Beginning with the line containing "跨境现货43件硅胶烹饪厨具套x装耐热厨房小工具不粘锅勺铲餐具套" and ending at the last line of the data, set down every line exactly, leaving out all pictures.

#### Collected material

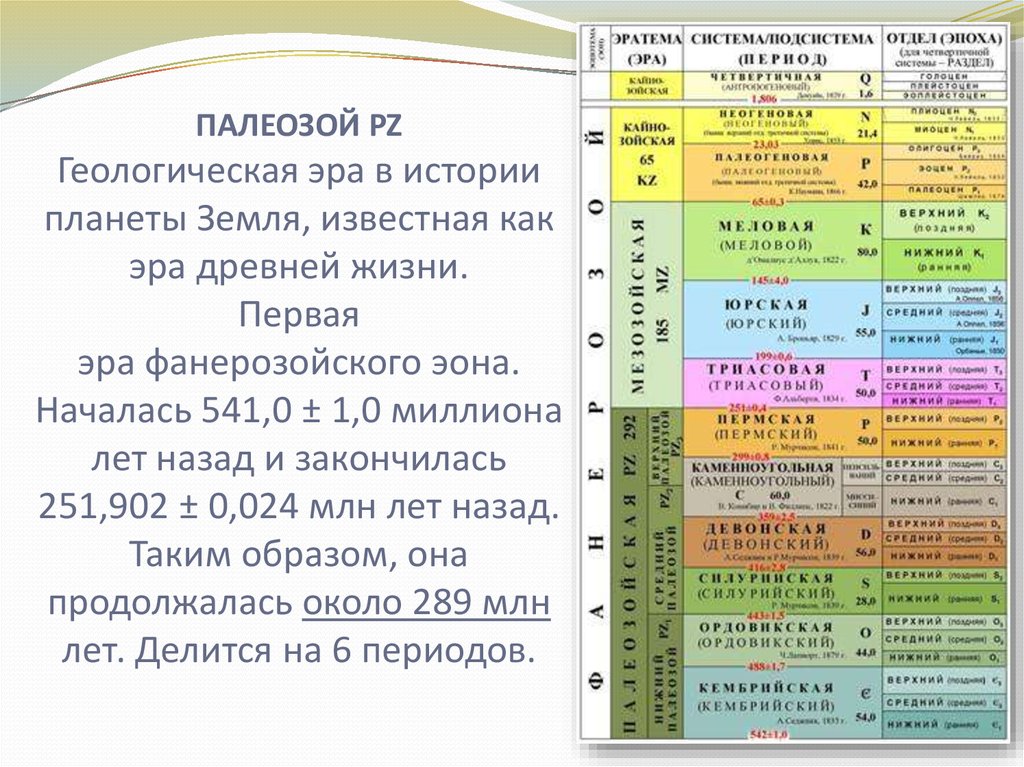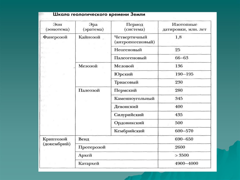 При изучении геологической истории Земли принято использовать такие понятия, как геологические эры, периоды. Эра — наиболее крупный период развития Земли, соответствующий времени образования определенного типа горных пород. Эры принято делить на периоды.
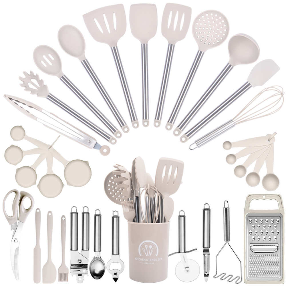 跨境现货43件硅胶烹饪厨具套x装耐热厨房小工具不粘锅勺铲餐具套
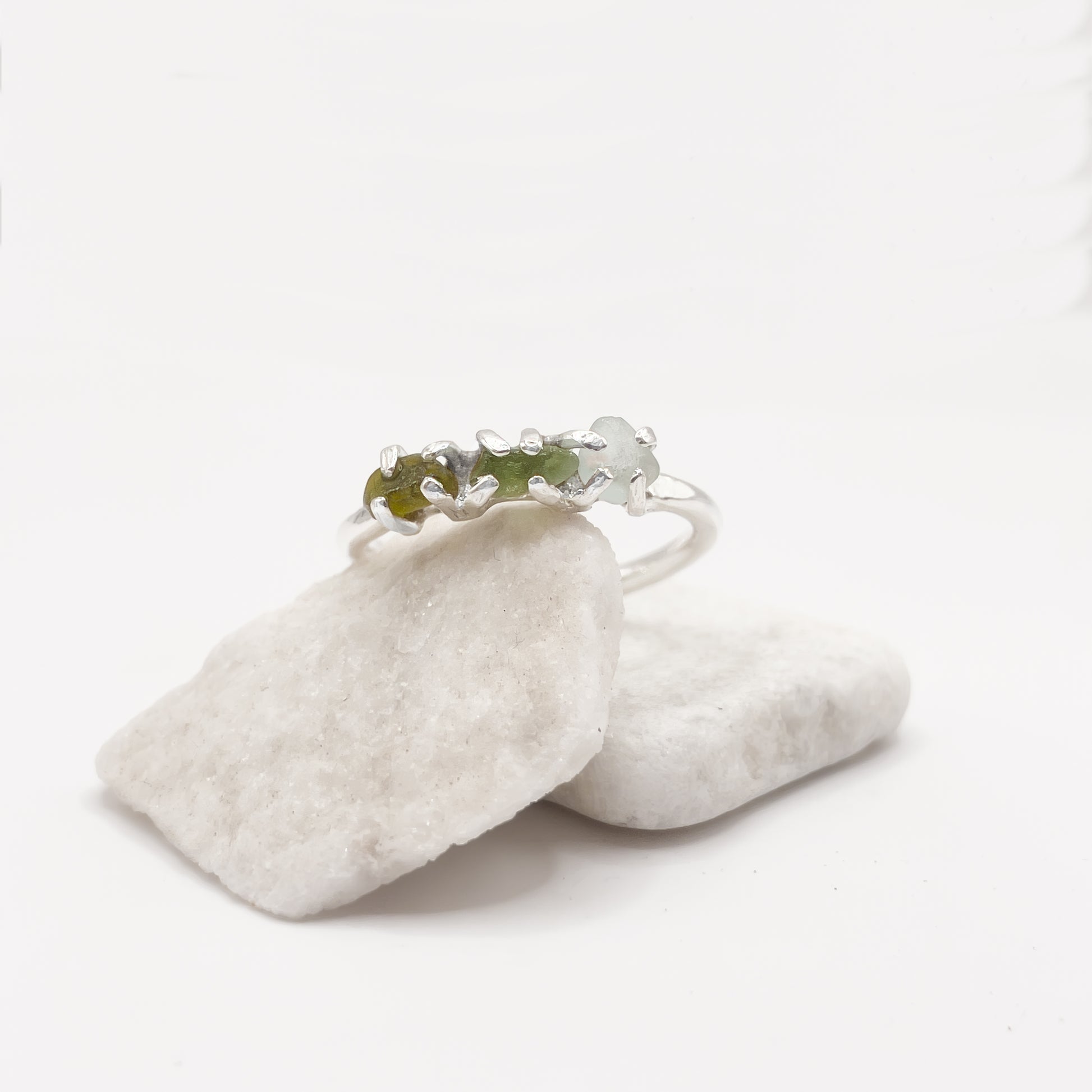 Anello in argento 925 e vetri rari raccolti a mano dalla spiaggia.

########

Result of this task:
 跨境现货43件硅胶烹饪厨具套x装耐热厨房小工具不粘锅勺铲餐具套
 Anello in argento 925 e vetri rari raccolti a mano dalla spiaggia.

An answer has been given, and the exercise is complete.